To ensure the atomicity, consistency, isolation, and durability (ACID) semantics of Delta tables, MetaService manages all data modification operations on Delta tables as transactions in a unified manner. The multiversion concurrency control (MVCC) model is used to ensure the isolation of read and write operations on snapshots, and the optimistic concurrency control (OCC) model is used to control optimistic transaction concurrency.
Conflict detection rules
The following table describes the rules that are used to handle the conflicts between concurrent jobs on the same non-partitioned table or partition.
Job type | INSERT OVERWRITE /TRUNCATE (job that ends later) | INSERT INTO (job that ends later) | UPDATE / DELETE (job that ends later) | MINOR COMPACT (job that ends later) | MAJOR COMPACT (job that ends later) |
INSERT OVERWRITE /TRUNCAT (job that ends earlier) | Both jobs succeed. The result data of the job that ends later overwrites that of the job that ends earlier. | The job that ends earlier succeeds. An error is returned for the job that ends later. | The job that ends earlier succeeds. An error is returned for the job that ends later. | The job that ends earlier succeeds. An error is returned for the job that ends later. | The job that ends earlier succeeds. An error is returned for the job that ends later. |
INSERT INTO (job that ends earlier) | Both jobs succeed. The result data of the job that ends later overwrites that of the job that ends earlier. | The job that ends earlier succeeds. An error is returned for the job that ends later. | The job that ends earlier succeeds. An error is returned for the job that ends later. | Both jobs succeed. The compaction operation of the job that ends later succeeds. | The job that ends earlier succeeds. An error is returned for the job that ends later. |
UPDATE /DELETE (job that ends earlier) | Both jobs succeed. The result data of the job that ends later overwrites that of the job that ends earlier. | The job that ends earlier succeeds. An error is returned for the job that ends later. | The job that ends earlier succeeds. An error is returned for the job that ends later. | Both jobs succeed. The compaction operation of the job that ends later succeeds. | The job that ends earlier succeeds. An error is returned for the job that ends later. |
MINOR COMPACT (job that ends earlier) | Both jobs succeed. The result data of the job that ends later overwrites that of the job that ends earlier. | Both jobs succeed. New data is written for the job that ends later. | Both jobs succeed. New data is written for the job that ends later. | The job that ends earlier succeeds. An error is returned for the job that ends later. | Both jobs succeed. The compaction operation of the job that ends later succeeds. |
MAJOR COMPACT (job that ends earlier) | Both jobs succeed. The result data of the job that ends later overwrites that of the job that ends earlier. | Both jobs succeed. New data is written for the job that ends later. | Both jobs succeed. New data is written for the job that ends later. | The job that ends earlier succeeds. An error is returned for the job that ends later. | The job that ends earlier succeeds. An error is returned for the job that ends later. |
Concurrency conflict optimization
The preceding conflict detection rules do not apply to concurrent operations at the row or file level. A sequence of data processing operations are managed as a transaction. For specific frequently performed operations, the transaction conflict handling logic is optimized based on the semantics of the operations on the premise of data correctness. This better supports concurrency control. For example, you perform a clustering operation and an INSERT INTO operation in a transaction at the same time. The transaction does not fail even if the start time and commit time of the transaction overlap. This is because the clustering operation changes the method of organizing data but does not change the data status. The clustering operation and the INSERT INTO operation do not cause status inconsistency and can be concurrently performed. The transaction conflict handling logic will continue to be optimized to adapt to more scenarios.
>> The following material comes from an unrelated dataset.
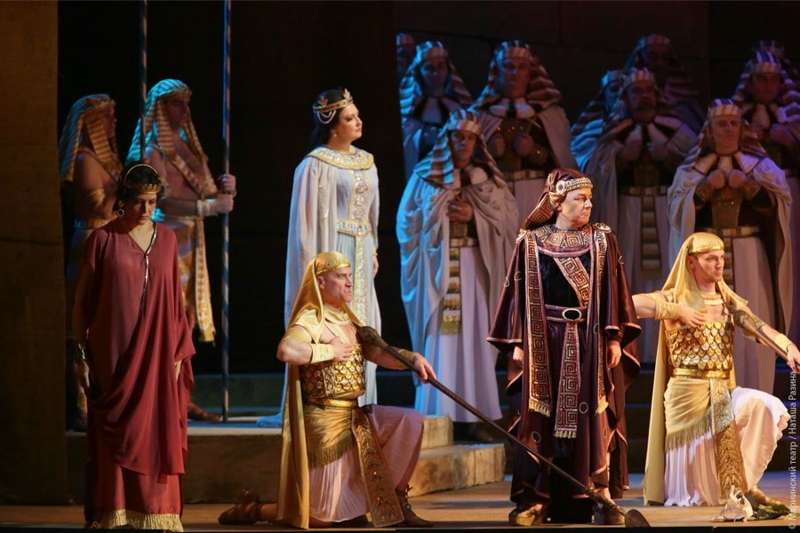 Постановка Алексея Степанюка воспевает роскошь и величие древнего Египта: богатые костюмы, величественные декорации, храмовые ритуалы и грандиозные хоровые сцены переносят зрителей в эпоху фараонов. Этот спектакль — погружение в мир большого оперного стиля, который в наше время становится редкостью.

If a conflict detection fails, a metadata-level retry is performed on the premise of data correctness. Data does not need to be read or written again. This improves user experience and reduces resource consumption.
Metadata is atomically updated to ensure data consistency.
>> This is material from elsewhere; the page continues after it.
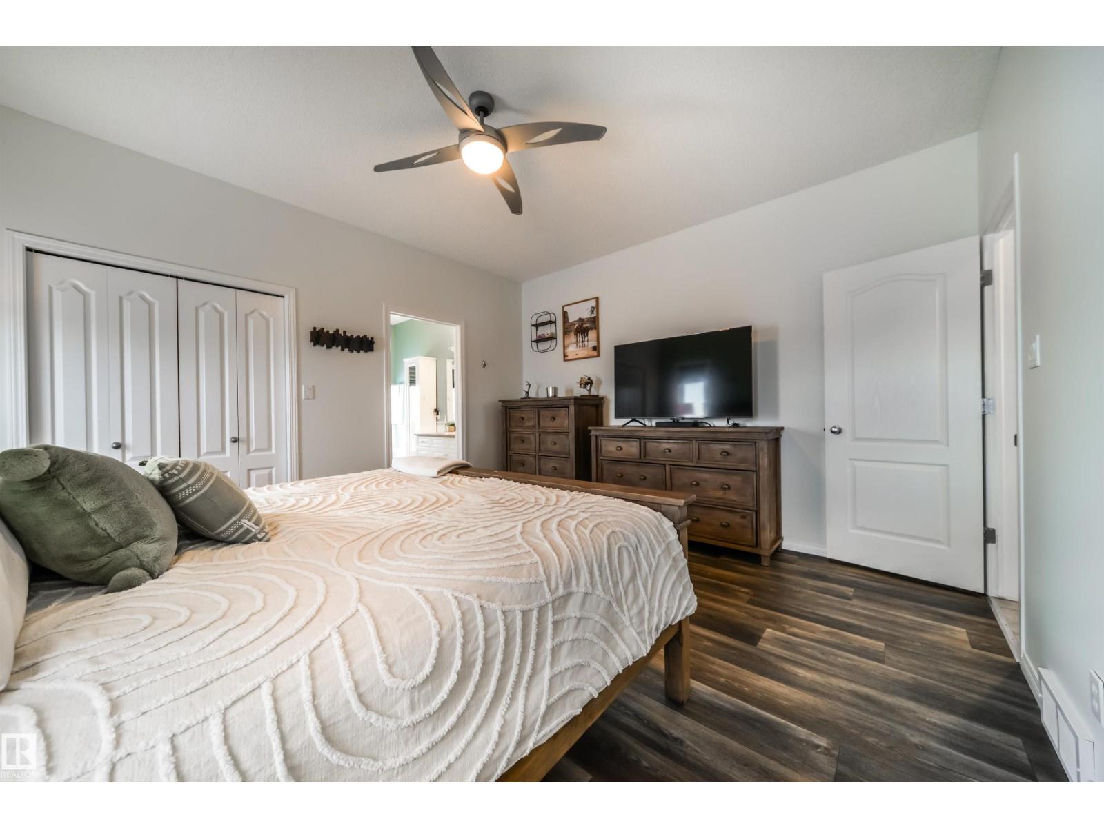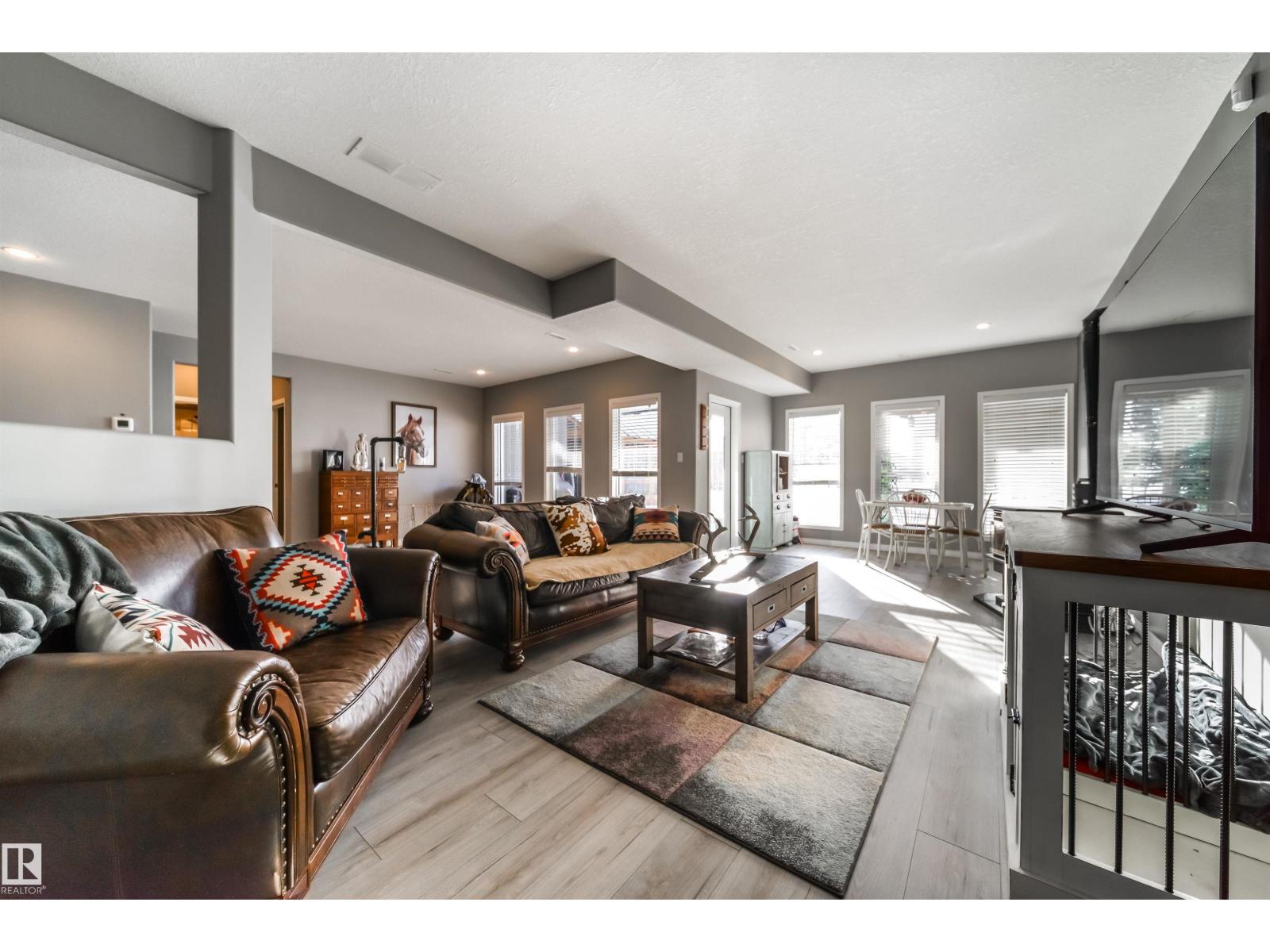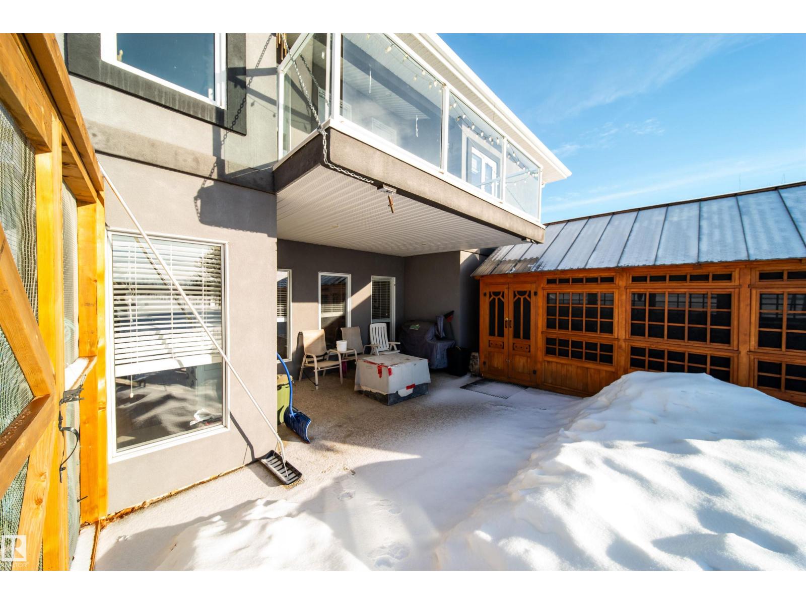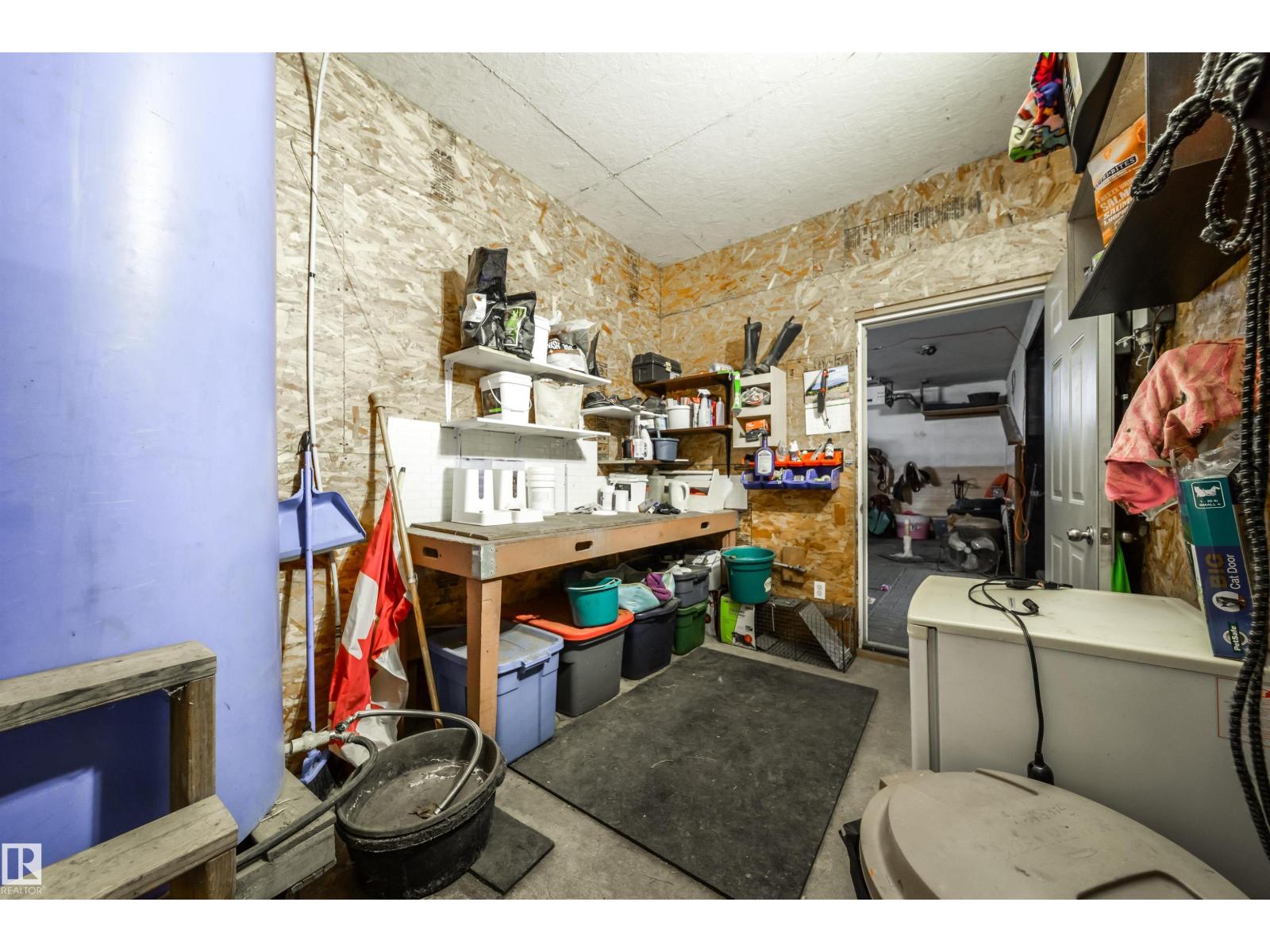 Bring the family and the horses! This beautifully updated 3 bedroom, 3 bath walkout bungalow sits on 12.92 acres just 20 minutes from St. Albert and blends modern comfort with acreage living. The bright open-concept main floor features beautiful kitchen with quartz island, stainless appliances, walk-in pantry, and south-facing views from the dining area with access to a covered deck. The living room offers 11’ ceilings, large windows, and a cozy gas fireplace. A spacious den, laundry/boot room, full bath, and primary suite with ensuite complete the main level. The finished walkout basement includes two bedrooms, hobby room, full bath, and large rec room with pellet stove. Outside you’ll find corrals, riding area, heated 5-stall barn, 2016 massive 78x42 in-floor heated shop with 14’ x14' doors, shed, heated triple attached garage, plus a private 2017 Artic Ozone salt water swim spa with beach house for year-round relaxation. Acreage living done right. Railroad tracks are decommissioned. (id:51989)

The concurrency conflict optimization applies to only single-table transactions.
Management of data file versions
Each transaction generates a batch of new data files. These data files are associated with the following transaction versions:
Time version: indicates the transaction commit time of the TIMESTAMP type. A new time version is generated only for operations that are triggered by users and have logical data changes. Clustering and compaction operations only reorganize and optimize physical data, and do not add or modify data. Therefore, no new time version is generated for clustering and compaction operations. This way, when users perform incremental queries based on time versions, data files generated by clustering and compaction operations are not queried. This meets business requirements.
ID version: an auto-increment integer. An incremental ID version is generated for any data operation in a transaction, including clustering and compaction operations performed within the engine. The ID version is mainly used for internal transaction management. The ID version is also public to users and can be used for incremental queries.